Saudi Basic Industries Corporation (SABIC), the largest company in the Middle East and the 2nd largest diversified chemical company, has commenced Iron ore exploration in Mauritania, a move that strengthens its position as the leading steel manufacturer in the region.
The Saudi conglomerate, which is 70 percent-owned by the government and has interests in chemicals production, fertilizers, industry polymers and metals, is exploring the Atomai Mines in Zouerate, northern Mauritania.
The site is said to hold over 500 million tonnes of iron ore reserves according to initial estimates, Arab News reported.
Sabic has partnered with the Mauritanian National Company for Industry and Mining, following several joint venture agreements started in September, with Abdulaziz Al-Humaid, SABIC’s executive vice president, metals strategic business unit, saying he expects the agreement to run for the next 3 years.
The agreement has seen the establishment of Mauritania Saudi Mining and Steel Company (TAKAMUL), launched to acquire the necessary mining licenses as well as carry out feasibility studies and exploration work.

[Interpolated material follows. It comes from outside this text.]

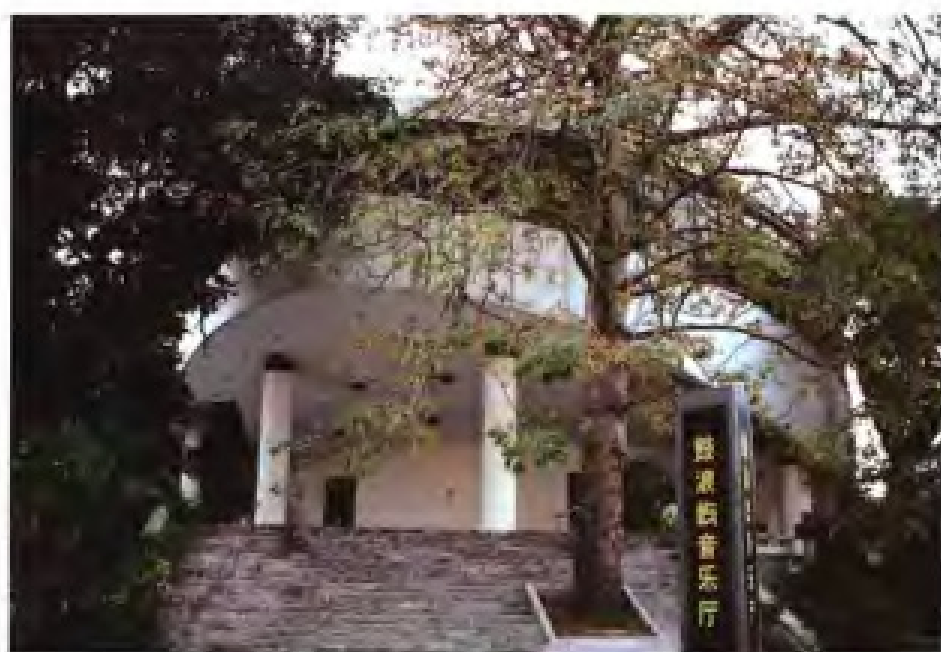
◀厦门鼓浪屿音乐厅

Sabic aims to shore up raw material sources for its plant in Saudi Arabia, with surpluses expected to be sold to targeted markets.
The mining industry is particularly attractive to keen investors, with total industry production accounting for over 65 percent of total exports. Iron ore represents more than 35 percent of exports.
It is the most important sector of the country’s economy, contributing an estimated 12 percent of total GDP.